Momen itu menguatkan pesan yang coba ditanamkan Gordon kepada pendukung: fokusnya bukan hanya pada statistik personal. Setelah pertandingan, ia mengatakan, “You always want to win but it’s always about the team first,” dan menutup, “Especially at this club.”
Bagi penonton, pernyataan itu sejalan dengan cara ia bergerak dan membuat keputusan di momen-momen kritis. Ia tampak tertarik pada kontribusi kolektif—memberi umpan terakhir dan menciptakan situasi yang membuat tim semakin sulit dibendung lawan.
Barcelona melejit: Gordon mengisi kebutuhan Flick
Barcelona sedang berada dalam momentum besar musim ini. Tim asuhan Flick mencetak 22 gol dalam lima pertandingan awal, sementara hanya kebobolan tiga kali. Catatan itu menjadi start terbaik Barcelona sejak Flick mengambil alih pada Mei 2024.
Gol-gol tim datang dari berbagai sektor, dengan Raphinha memimpin koleksi delapan gol dan Lamine Yamal menorehkan lima gol. Di antara banyak faktor, kualitas Gordon dinilai sangat menambah daya rusak Barcelona dari sisi sayap.
Gordon kerap melakukan lari agresif dan ikut menekan dari lini depan.
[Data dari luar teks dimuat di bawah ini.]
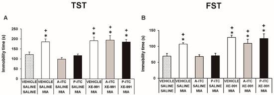The administration of XE-991 reverses the antidepressant effects of A-ITC and P-ITC in mice with chronic osteoarthritis pain. The immobility time (s) evaluated with the (A) TST and (B) FST in mice treated for 4 or 10 consecutive days with A-ITC or P-ITC alone and combined with the selective Kv7 potassium channel blocker XE-991 is shown. The effects of XE-991 administered alone are also represented. For each test evaluated, * denotes significant differences vs. saline–saline-injected mice treated with vehicle and + denotes significant differences vs. MIA–saline-injected mice treated with a drug (p < 0.05; one-way ANOVA followed by the Student–Newman–Keuls test). The results are shown as the mean values ± SEM; n = 6–8 animals per experimental group.
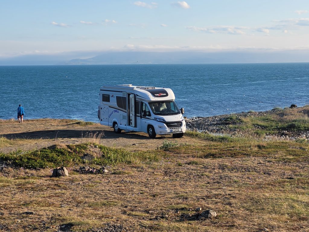 Als wir dann am Nachmittag einen Stellplatz über einem Fjord gefunden haben, haben wir zu spät einen ungewöhnlichen „Nachbarn“ fünf Meter neben dem WoMo bemerkt:
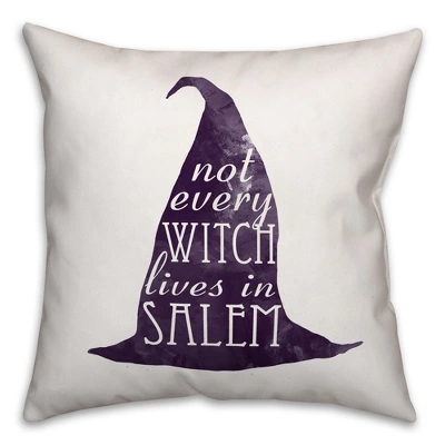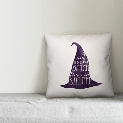 The Not Every Witch Lives in Salem 16×16 Indoor / Outdoor Pillow from our Halloween Collection features a witchy tongue-in-cheek sentiment on a purple pointy witch hat. The design of dramatic purple watercolor hat provides a trendy and non-traditional take on Halloween decor. This indoor/outdoor pillow helps you take your decor to the next level in your house this fall. Digitally printed on demand, this exclusive design displays vibrant colors. The result is a beautiful design you’re sure to love. Our beautiful indoor/outdoor pillows are designed and printed in the USA. Double-sided Print16x16Cover Material: Spun Polyester Fill Material: Polyester/PolyfillRemovable Cover: No No UV protection Stain, mildew, and water resistant Washing Method: Spot clean and dry clean only

Menurut cara Flick membangun permainan, atribut seperti ini berjalan selaras. Ia bisa bertahan di area lebar untuk mengisolasi bek sayap, lalu menyerang ruang di belakang garis pertahanan atau bergerak masuk untuk membangun kombinasi dengan penyerang lain.
Ketika bola direbut lawan, ia juga berkontribusi melalui kesediaan untuk melakukan tekanan secepatnya. Hal itu membantu Barcelona saat berada dalam fase tanpa penguasaan bola, karena tempo penekanan menjadi bagian penting dari rencana permainan.
Belum menjawab semua pertanyaan
Meskipun awal Gordon sudah kuat, masih terlalu cepat untuk menyimpulkan bahwa seluruh pertanyaan sudah sepenuhnya terjawab dalam beberapa laga pertama. Ia tetap menunggu gol pertamanya di Barcelona.
Pelatih Flick juga menyinggung aspek tersebut saat menilai performa Gordon. Flick menyatakan, “I think as a striker, from his side, you want to score goals. He has had some chances and he missed them.” Ia menambahkan, “But he has made the final pass to prepare the goals and this is also very important.”
Bagi musim yang panjang, menjaga intensitas dan level permainan sepanjang satu kompetisi akan menjadi tantangan. Namun, dibanding pembahasan awal sebelum kepindahannya, arah pembicaraan sudah berubah.
Kini, alih-alih bertanya apakah Gordon layak mengenakan kostum Barcelona, diskusi lebih mengarah pada seberapa penting perannya bisa menjadi bagi tim. Dari empat assist dalam lima laga, pendekatan permainan Gordon tampak memberi jawaban: ia tidak hanya hadir, tetapi juga ikut menentukan cara Barcelona menyerang.